Vers un Festival réinventé ou asphyxié par la conformité ?

Alors que les projecteurs s’allument et que les premières notes résonnent dans la salle du Teatro Ariston, la question reste suspendue : Sanremo peut-il encore être le creuset d’une révolution culturelle, ou est-il voué à devenir le théâtre d’un conformisme imposé par des logiques politiques et commerciales étouffantes ? Entre les manœuvres d’un gouvernement qui use de sa mainmise sur les institutions et la censure insidieuse qui ronge la liberté d’expression, le Festival se trouve à la croisée des chemins.

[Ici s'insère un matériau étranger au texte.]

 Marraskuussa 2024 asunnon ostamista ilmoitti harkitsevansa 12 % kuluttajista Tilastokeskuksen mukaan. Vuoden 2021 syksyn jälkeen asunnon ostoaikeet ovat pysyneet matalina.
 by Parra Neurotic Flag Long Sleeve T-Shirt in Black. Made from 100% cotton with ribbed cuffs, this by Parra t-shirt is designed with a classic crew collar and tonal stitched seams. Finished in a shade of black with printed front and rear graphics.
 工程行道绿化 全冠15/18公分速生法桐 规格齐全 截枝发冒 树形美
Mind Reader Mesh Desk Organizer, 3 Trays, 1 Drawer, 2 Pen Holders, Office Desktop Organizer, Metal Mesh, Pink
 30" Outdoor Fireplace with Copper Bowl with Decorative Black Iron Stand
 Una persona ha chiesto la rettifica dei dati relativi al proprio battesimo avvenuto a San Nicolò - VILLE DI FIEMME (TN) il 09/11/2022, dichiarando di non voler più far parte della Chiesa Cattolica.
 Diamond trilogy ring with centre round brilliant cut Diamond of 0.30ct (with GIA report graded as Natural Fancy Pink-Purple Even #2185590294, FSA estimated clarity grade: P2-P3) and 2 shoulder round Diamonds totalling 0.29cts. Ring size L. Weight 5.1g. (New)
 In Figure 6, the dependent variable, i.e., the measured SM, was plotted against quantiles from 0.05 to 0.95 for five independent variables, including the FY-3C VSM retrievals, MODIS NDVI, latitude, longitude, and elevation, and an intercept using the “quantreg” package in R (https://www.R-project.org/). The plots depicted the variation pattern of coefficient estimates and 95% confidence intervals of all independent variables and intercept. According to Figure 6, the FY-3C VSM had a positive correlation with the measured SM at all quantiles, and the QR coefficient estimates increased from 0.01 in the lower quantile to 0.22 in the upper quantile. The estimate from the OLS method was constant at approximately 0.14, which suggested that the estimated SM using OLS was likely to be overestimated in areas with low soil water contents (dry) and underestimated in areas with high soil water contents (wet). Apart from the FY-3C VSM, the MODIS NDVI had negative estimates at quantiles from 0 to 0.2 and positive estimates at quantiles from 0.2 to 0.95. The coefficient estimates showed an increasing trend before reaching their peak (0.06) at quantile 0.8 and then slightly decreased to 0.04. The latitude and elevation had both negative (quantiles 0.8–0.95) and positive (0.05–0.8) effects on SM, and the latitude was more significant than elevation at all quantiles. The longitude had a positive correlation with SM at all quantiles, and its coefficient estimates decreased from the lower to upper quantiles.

Certes, la présence de talents émergents dans la nouvelle catégorie Nuove Proposte offre une lueur d’espoir. Ces artistes, porteurs d’un souffle nouveau, pourraient, par leur audace et leur créativité, redonner au Festival son rôle de plateforme contestataire. Mais cette lueur doit être entendue au milieu d’un vacarme organisé qui tend à faire disparaître toute dissidence.

Au final, Sanremo 2025 se dresse comme un champ de bataille culturel où se jouent des enjeux de taille : l’avenir d’une culture populaire, la lutte pour la liberté d’expression et la résistance face à un pouvoir qui, par ses manœuvres, cherche à modeler la société à son image. Seul l’avenir dira si ce Festival, entre tradition et modernité, saura se réinventer pour redevenir le vibrant reflet d’une Italie libre et plurielle, ou s’il sombrera dans l’indifférence, prisonnier d’un système qui ne laisse guère de place aux voix discordantes.

Ainsi, derrière les paillettes et les projecteurs, se cache une bataille des idées. Entre la censure orchestrée par un pouvoir qui ne veut pas d’opposition et l’espoir ténu d’une jeunesse qui aspire à des révolutions artistiques, Sanremo 2025 nous invite à regarder au-delà du spectacle pour interroger les fondements mêmes de notre société.

Chaque note, chaque parole, est désormais lourde de sens dans un contexte où la culture est autant un divertissement qu’un enjeu politique majeur. C’est dans ce tumulte que se dessine le destin de Sanremo, oscillant entre l’ombre d’un passé contestataire et la promesse d’un renouveau libérateur. Seul le temps dira si le Festival parviendra à retrouver sa place de catalyseur de la liberté ou s’il restera l’apanage d’un status quo imposé par le pouvoir.